Success rate is 100 percent (5/5), round-trip min/avg/max = 12/17/28 ms

R3#ping 10.0.0.1
Type escape sequence to abort.
Sending 5, 100-byte ICMP Echos to 10.0.0.1, timeout is 2 seconds:
!!!!!
Success rate is 100 percent (5/5), round-trip min/avg/max = 12/20/44 ms

1. Cisco IOS Versions what’s this?)
2. Physical Terminations/Connectors (what’s this?)
3. VLANs (what’s this?)
4. Quality of Service (what’s this?)
5. MPLS (what’s this?)
6. IP Access Lists what’s this?)
7. Spanning Tree (what’s this?)
8. OSPF (what’s this?)
9. EIGRP (what’s this?)
10. BGP (what’s this?)

11. General Cisco IOS cheat sheet (router/switch commands etc.)
12. Cisco Commands for Beginners
13. Descriptive list of Cisco Commands (fresh)
14. Cisco IOS Firewall Cheat Sheet (Official Design Guide)
15. Cisco – Ethernet Encapsulation (in pdf)
16. Mini CCNA Cheat Sheet
17. CCNA Cheat Sheet (commands debugging)
18. Connector Pinouts Cheat Sheets

Great thanks to Jeremy Stretch (author of packetlife.net) for the first 10 cheat sheets from above list (to get them all just download this package).

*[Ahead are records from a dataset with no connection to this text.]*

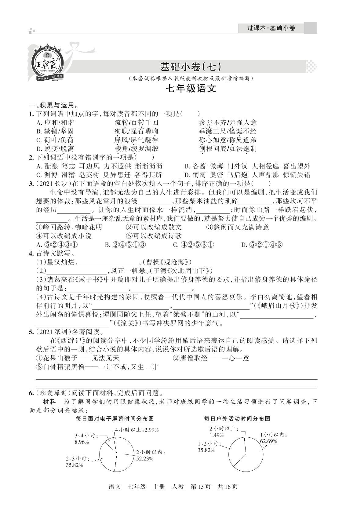 王朝霞期末过课本——基础小卷(七)七年级上册语文(人教版)_R211224170515212【13】
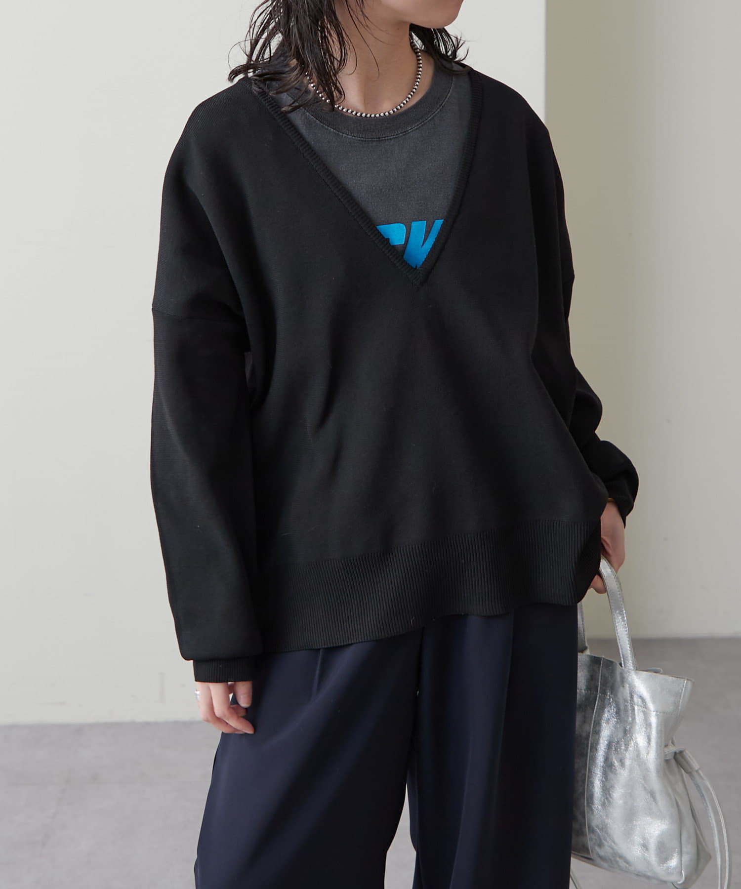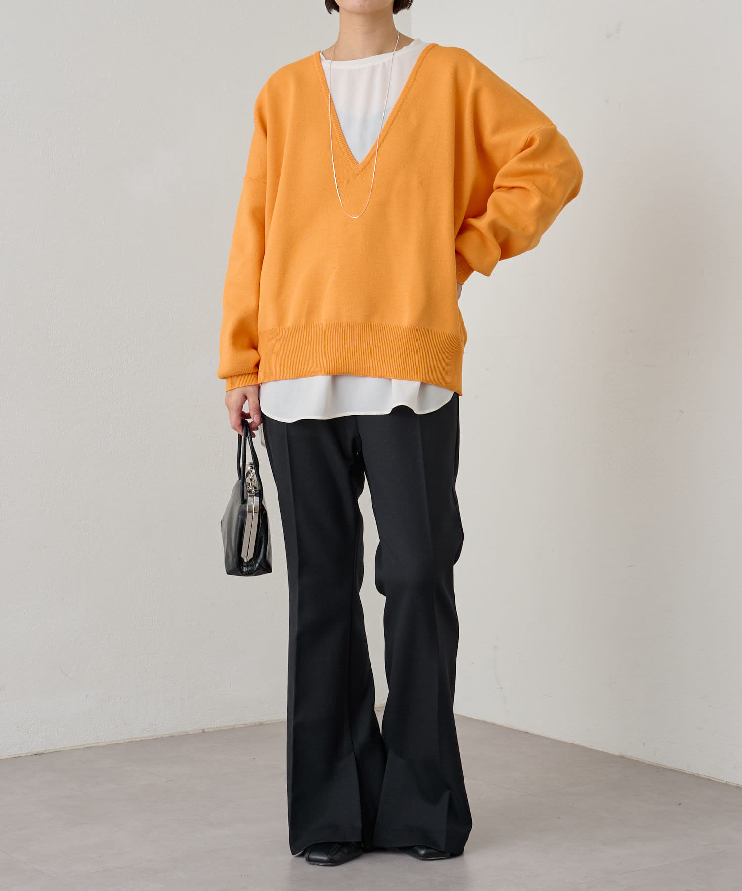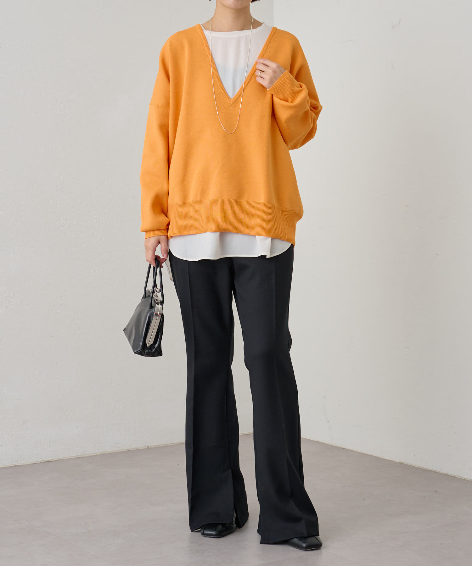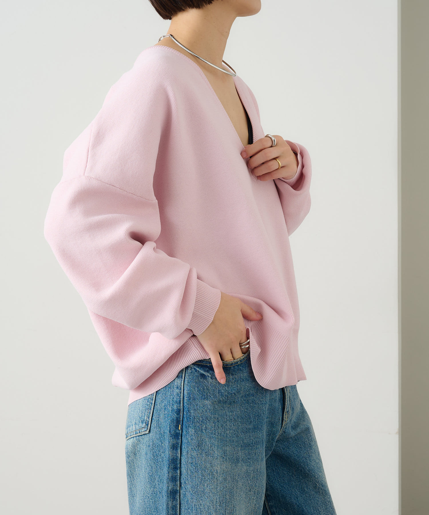 大人の肌見せスタイルが叶うVネックシルエットのニット
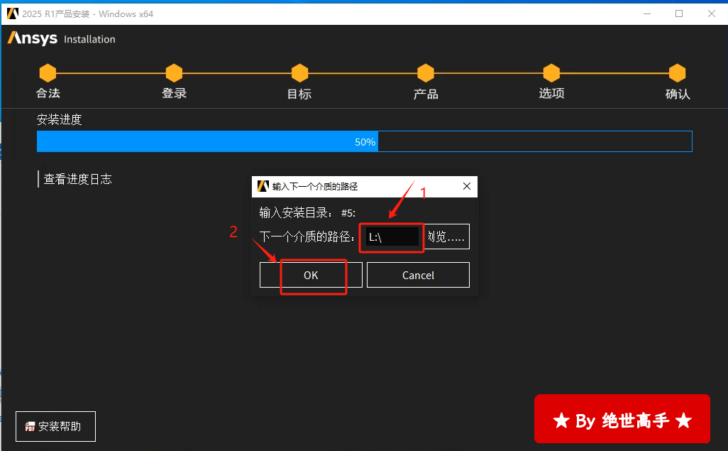 47、当安装进度到50%时,输入【DISK5】装载的磁盘(如:L),点击【OK】。
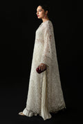 Voile d'Argent—a breathtaking vision of celestial pearl sophistication. This ethereal creation merges modern allure with timeless luxury, crafted from lustrous organza layered over delicate netting, and adorned with a striking floral laser-cut detail that adds captivating drama to its silhouette. A crystal-embellished bow neckline graces the design, imbuing it with an air of refined opulence. Each cascading layer catches the light in a soft, mesmerizing shimmer, enhancing the gown's graceful flow. Paired with tonal pleated pants, Voile d'Argent is the epitome of understated glamour—ideal for an evening steeped in elegance or any occasion demanding true opulence.
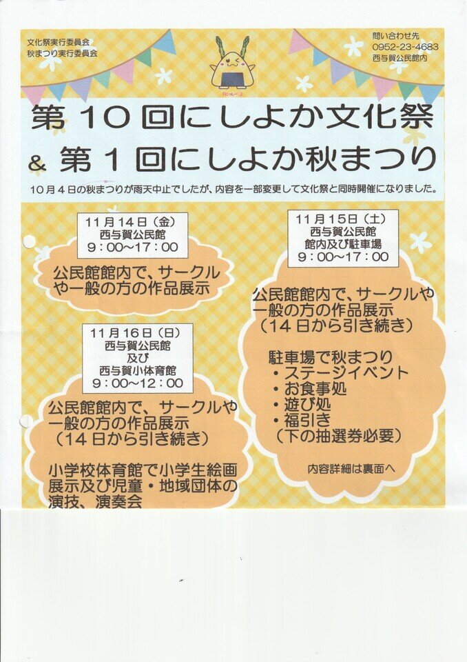にしよか文化祭&秋祭り合体で 11月14から16日
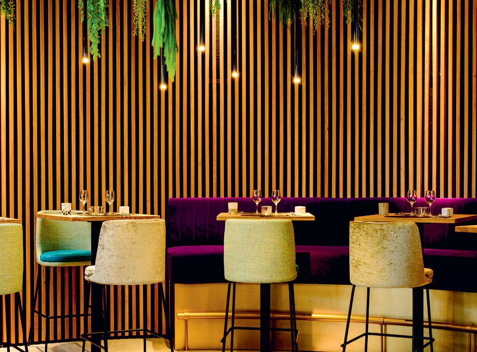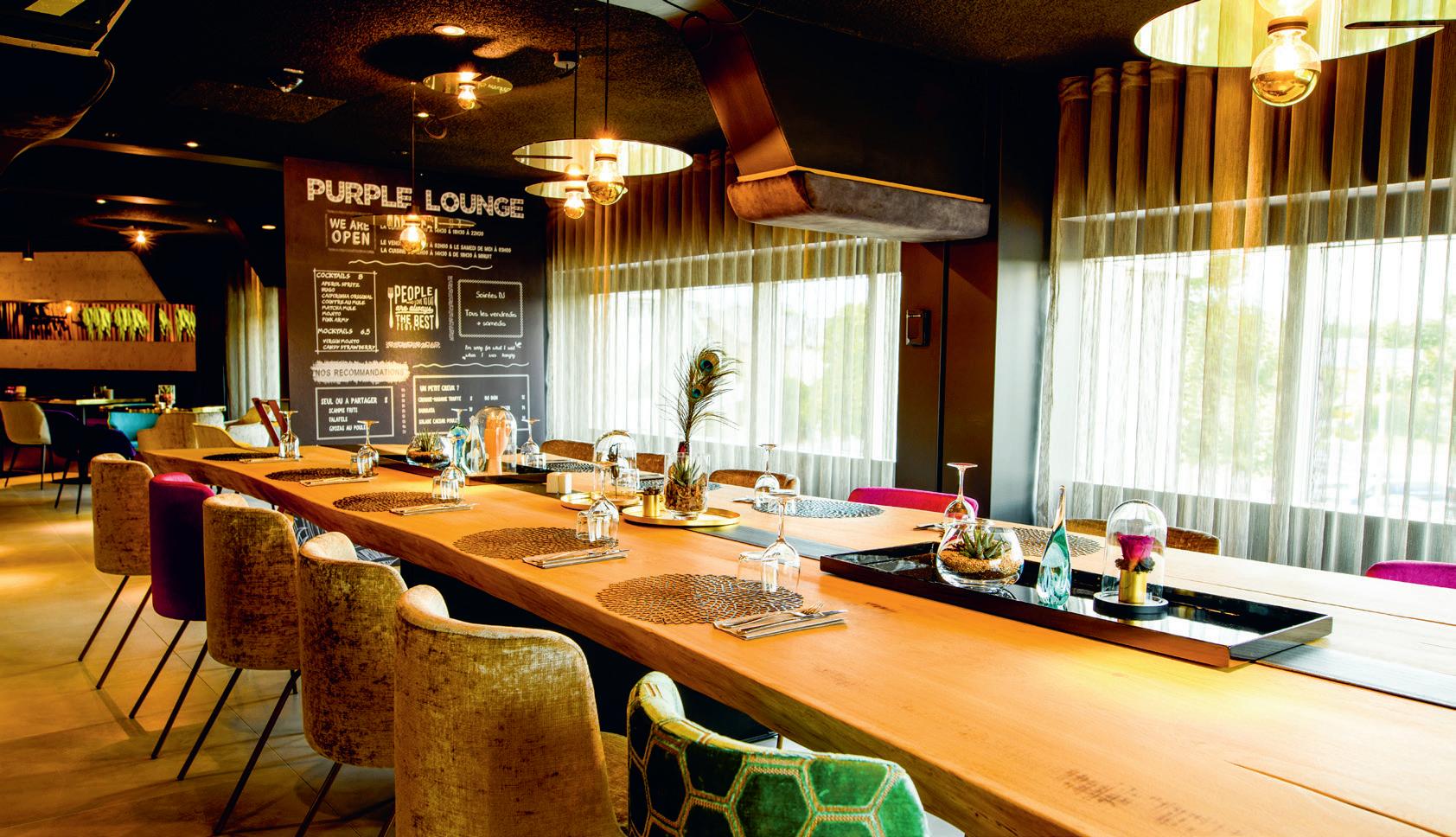 J’ai apprivoisé les reliefs du plafond en plaçant des tables rondes en dessous et des banquettes, qui structurent l’es pace et qui y font écho et j’ai créé une «attraction» avec les suspensions lumineuses. C’est le cœur du Purple !

Information improvisation: You can get your 000-152 and 70-293 exam within days using latest 642-974 and other resources of 1z0-515 exam certifications; you can get a wonderful JN0-343 booklet.

Here is a piece of shell code that allows to export ipcad output into sqlite3 database format:

echo "create table traffic (src, dst, pkt, bt);" | sqlite3 /tmp/throttle.db
rsh 127.0.0.1 show ip accounting | grep "^ " | grep -vi source | awk \
'{print"insert into traffic values (\""$1"\",\""$2"\",\""$3"\",\""$4"\");"}' \
| sqlite3 /tmp/throttle.db


To make this working ipcad should be configured not to capture ports and to enable rsh service. In my case ipcad has the following settings set in ipcad.conf:

capture-ports disable;
interface eth0;
rsh enable at 127.0.0.1;
rsh 127.0.0.1 admin;
rsh ttl = 3;
rsh timeout = 30;
pidfile = /var/run/ipcad.pid;
memory_limit = 100m;


and output (rsh 127.0.0.1 show ip accouting) is like:

192.168.0.7      192.168.0.1                 113241           166387462
192.168.0.1      192.168.0.7                  72117             4282846
192.168.0.77     66.235.184.245                2448              821095
66.235.184.245   192.168.0.77                  3995              697371

The main problem is that it sqlite3 is rather slow and it takes eleven (11!!!) seconds to export 1000 entries of ipcad’s output into database. This was got at PC with 1.4Ghz CPU and 512Mb RAM.

If anybody knows how to get it faster, PLEASE LET ME KNOW! Thanks.

Information Improvisation: Traffic Engineering Server is new Solution for Bandwidth Management and QoS. It’s especially suitable for Broadband ISPs and SMEs.